Data Warehousing is the process of storing and processing large amounts of data from many disparate sources. It's an endeavor that most large companies have to undertake eventually. There are many solutions for data warehousing available on the market. Which solution your company ultimately goes with depends on where you are as an organization.
If you find yourself in the Microsoft ecosystem, Azure Synapse is likely the first solution that comes to mind, as it's Microsoft's default answer to the data warehousing endeavor. However, you may have additional considerations related to organizational structure, staffing, data location or budget. It might be wise to supplement Synapse with a different product such as DataBricks or Snowflake.
Moving large datasets around can be slow and expensive, especially if you have to do it across the open internet. In most cases, you want your data warehouse close to as much of your source data as practical. If you are already using Azure, that’s great: all your data is already on the cloud. If you have a lot of on-premise data and you want to go with a cloud solution, that could become an issue.
Azure Synapse is Microsoft’s rebranding of its SQL DataWarehouse services, combining enterprise data warehousing and Big Data analytics.

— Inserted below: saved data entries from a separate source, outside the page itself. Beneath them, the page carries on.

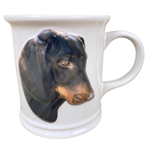 Features artwork on the front of the mug depicting a Dachshund embossed onto the exterior surface.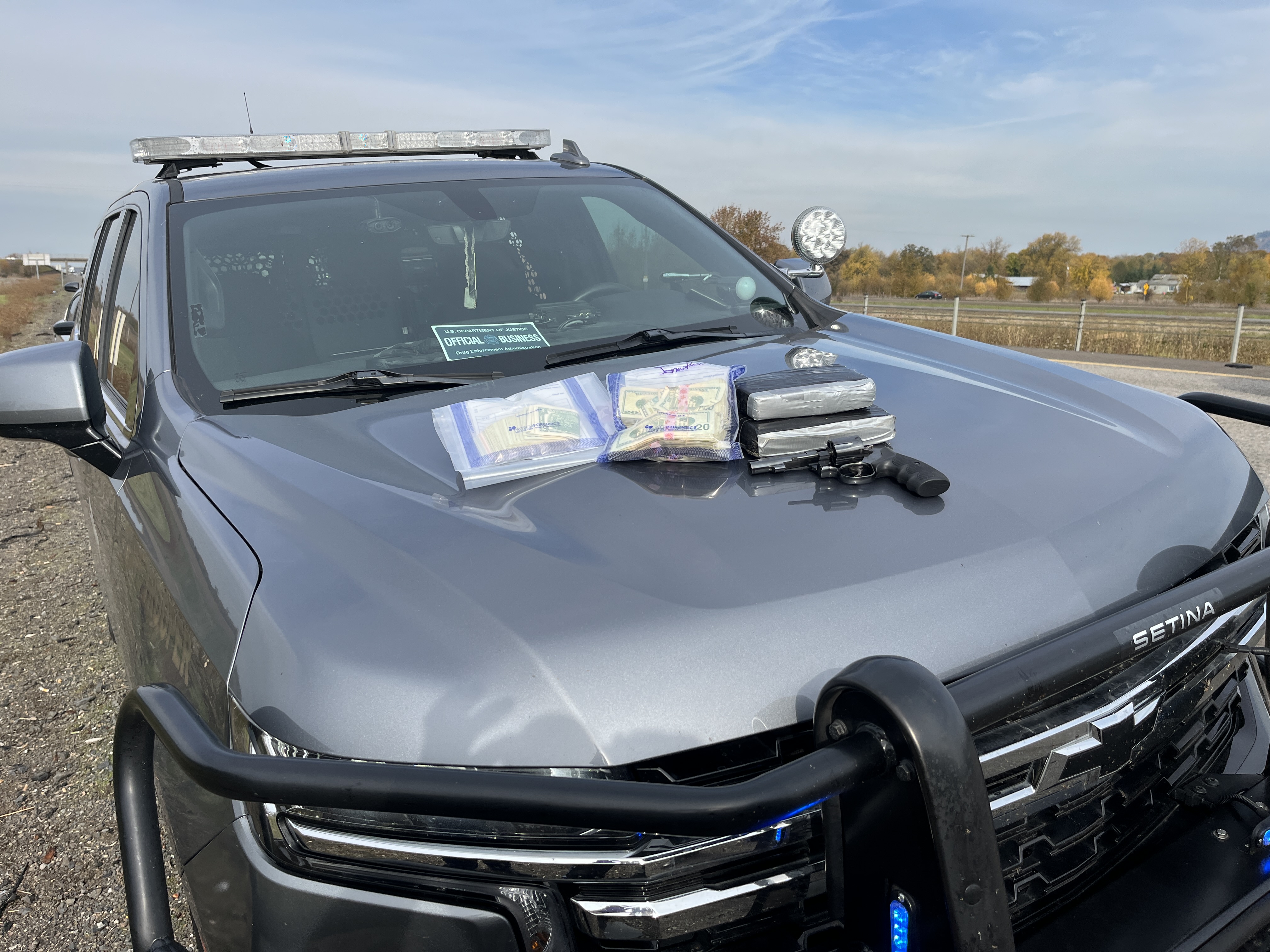 LINN COUNTY, Ore. 6 Nov. 2025 – Oregon State Police K-9 team traffic stop leads to seizure of fentanyl, a firearm, and cash.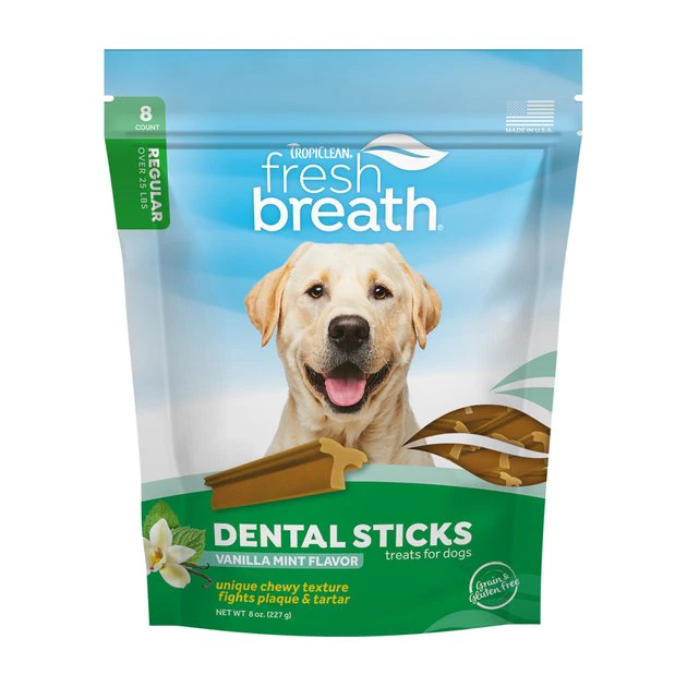 Support your canine companion’s oral health with TropiClean Fresh Breath Regular Advanced Dental Dog Sticks. These easily digestible, grain-free and gluten-free chews are crafted with natural ingredients like coconut and green tea and feature a fresh vanilla mint flavor to promote fresh breath. While your dog munches on the scrumptious stick, the chewy texture and unique T-shape help remove plaque and tartar! Give your BFF one TropiClean chew a day to encourage healthy teeth, gums and fresher breath. Now, you’ll be able to enjoy all your dog’s kisses without the stink!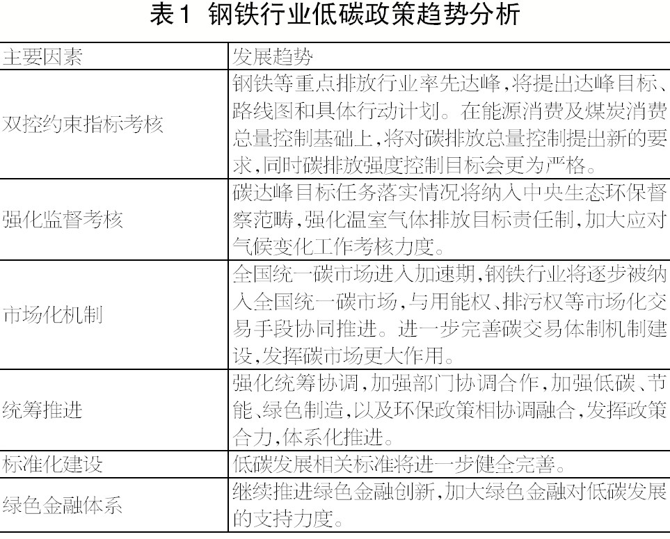 結合現階段國家形勢發展要求分析,預判鋼鐵行業低碳政策發展將呈現以下特征,如表1所示。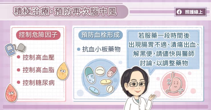 有些中風病患則是因藥物的副作用而停藥,例如腸胃不適、胃潰瘍出血、解黑便〔5〕。劉虹余醫師提醒,「若出現相關副作用,一定要在回診時主動向醫師提出並討論,以利醫師調整適合的用藥。」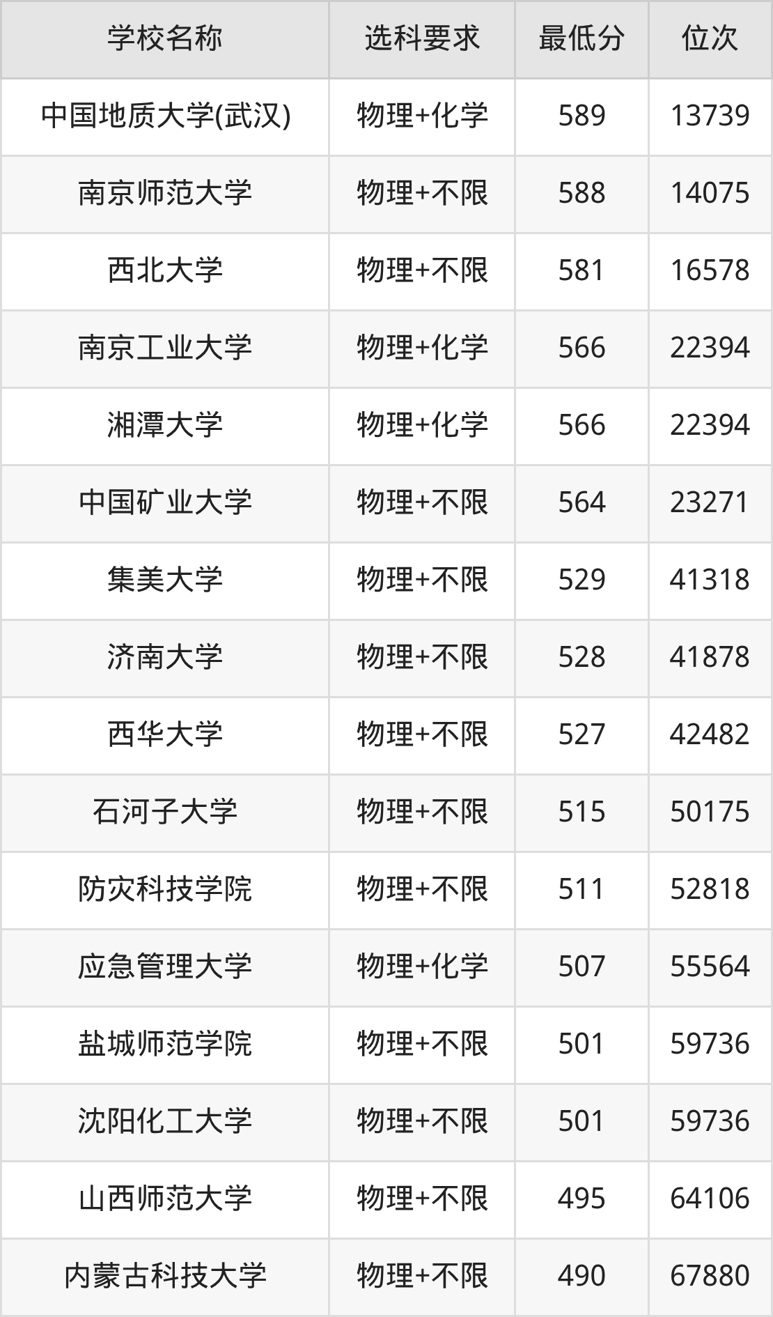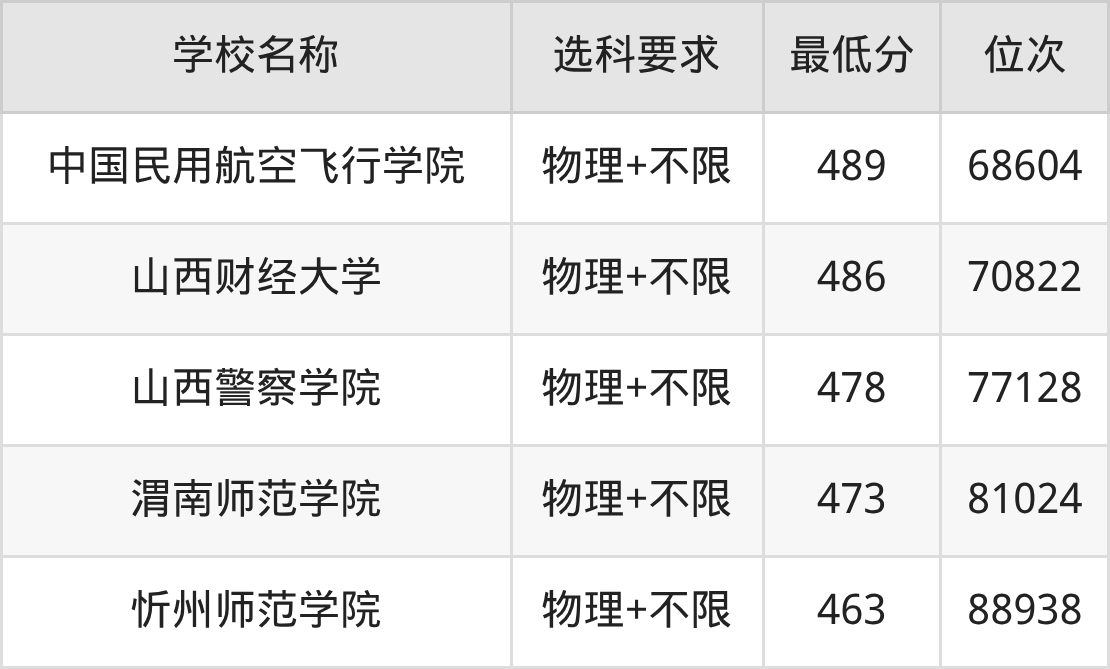 在山西招生的院校中,有17所不限选科要求(物理组),如南京师范大学、西北大学等;有4所要求考生必选“物理+化学”,如中国地质大学(武汉)、南京工业大学等。

This means Synapse is fully integrated with the rest of the Microsoft ecosystem and adds support for Apache Spark, Power BI and Azure Machine Learning.
Your Synapse capabilities can be further enhanced by bringing in DataBricks. DataBricks is a further optimization over Apache Spark, making custom workloads easier to craft, provision and deploy in an ad-hoc manner. Its query optimizations, advanced caching, and indexing optimizations claim 10-40x performance over vanilla Spark. All of this is wrapped up in a virtual filesystem and notebook environment a la Jupyter Notebooks, which will likely appeal to any data scientists you have on staff.
If you find yourself not wanting to manage the infrastructure so intimately, especially if you need a solution that spans multiple cloud providers, Snowflake has a more turnkey solution.
Snowflake’s architecture separates storage and computing resources, which can make costs easier to predict and control. It also can be deployed to other cloud providers like AWS or GCP, which may be useful if your data is spread across clouds because you’ll be able to have a familiar architecture, interface and billing structure across them all. It’s even possible to deploy it with storage in one cloud and compute in another if you need everything fully centralized.
Its concept of virtual data warehouses lets you group compute capabilities separately from shared storage for instance.
It turns out that they can. Using Snowflake’s DataBricks Connector, you can bridge them and use Snowflake as a Spark data source for DataBricks in such a way as to leverage Snowflake’s SQL optimizations alongside DataBrick’s notebooks for more complex operations.